L'Elysée s'est refusé à tout commentaire mais a souligné que le gouvernement était dans l'action avec l'envoi en Jordanie, jeudi, d'une mission médico-chirurgicale pour porter secours aux réfugiés syriens et aux blessés.

La France a convoqué par ailleurs pour le 30 août une réunion ministérielle du Conseil de sécurité de l'Onu afin de débattre de la situation humanitaire en Syrie.

"SE RAPPELER AU BON SOUVENIR" DE L'UMP

"Nous ne sommes pas inactifs", souligne Laurent Fabius dans Le Parisien. "Puisqu'il est très difficile d'avancer sur le plan politique, au moins qu'on le fasse sur le plan humanitaire".

La majorité estime que Nicolas Sarkozy, actuellement en vacances dans le Var comme François Hollande, a choisi de sortir de sa réserve pour avancer ses pions dans la lutte interne pour la présidence de l'UMP, que se disputent les deux favoris François Fillon et Jean-François Copé.

"Est-ce que c'est -mais ce serait vraiment dérisoire- pour ne pas se faire oublier?", avance Laurent Fabius.

Pour Guillaume Garot, ministre délégué à l'Agroalimentaire, pas de doute : "Chacun aura décodé cette sortie de Nicolas Sarkozy pour exister aux yeux de ses amis".

"A l'évidence, c'est l'ère des grandes manoeuvres au sein de l'UMP", a-t-il commenté sur RTL.

Jean-Christophe Cambadélis, secrétaire national du PS aux questions internationales, s'est dit "interloqué" d'une telle initiative "venant d'un ex-président qui a reçu le 14 juillet 2008, en grande pompe, Bachar al Assad sur les Champs-Elysées".

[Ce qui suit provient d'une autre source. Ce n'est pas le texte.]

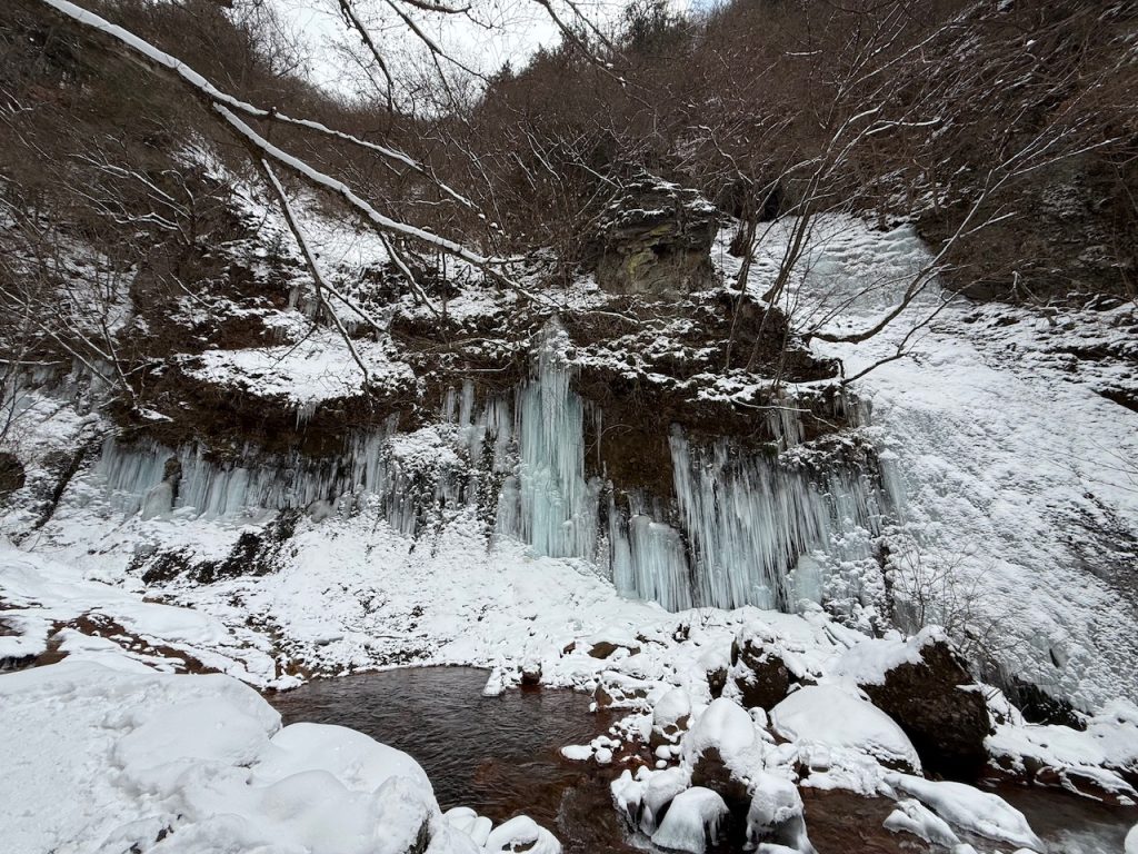 落差は約5mほどの滝ですが、川幅が広く水量がある滝の一部分に綺麗なブルーの氷瀑ができていました。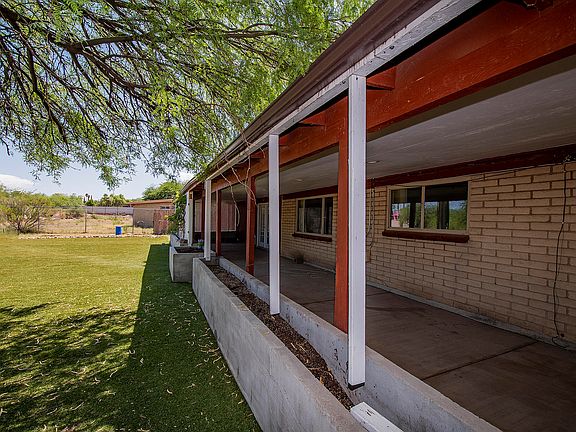 Lovely 3 BR/2BA on a great Cul-de-sac Lot! Freshly painted with updated Baths and kitchen. This special home has a large Family room with French Doors in addition to Great room! Rear yard is 143 feet in width and has a huge covered porch for extra outdoor living space. (Great ping pong table space) Concrete Planters for those who enjoy outdoor flower beds or gardens. NEW A/C INSTALLED in 2019!! Appliances included and there is a good sized laundry room. Tile and Pergo Wood floors. MBR with enlarged Luxury spa Bath and Granite counter sink vanity, great spot to relax at the end of a long day. Hall bath is completely remodeled also. 2 large storage sheds-potential workshop space in one of them. Room to roam in Lg rear yard, Enjoy Nice green turf (no watering or mowing). Home sweet home!

"Nicolas Sarkozy a voulu non pas intervenir dans la crise syrienne, mais se rappeler au bon souvenir des militants de l'UMP", a-t-il déclaré sur i>TELE.

Brice Hortefeux, un proche de l'ex-président qui a fondé l'association des Amis de Nicolas Sarkozy, a nié toute manoeuvre politique. "Je peux vous garantir que sa préoccupation aujourd'hui, ce n'est certainement pas des questions de politique intérieure", a-t-il dit sur RTL. "La France était en pointe, aujourd'hui la France a disparu".

Mise au point de Laurent Fabius dans Le Parisien: "Dans des circonstances aussi graves, il vaut mieux faire bloc avec la politique de son pays".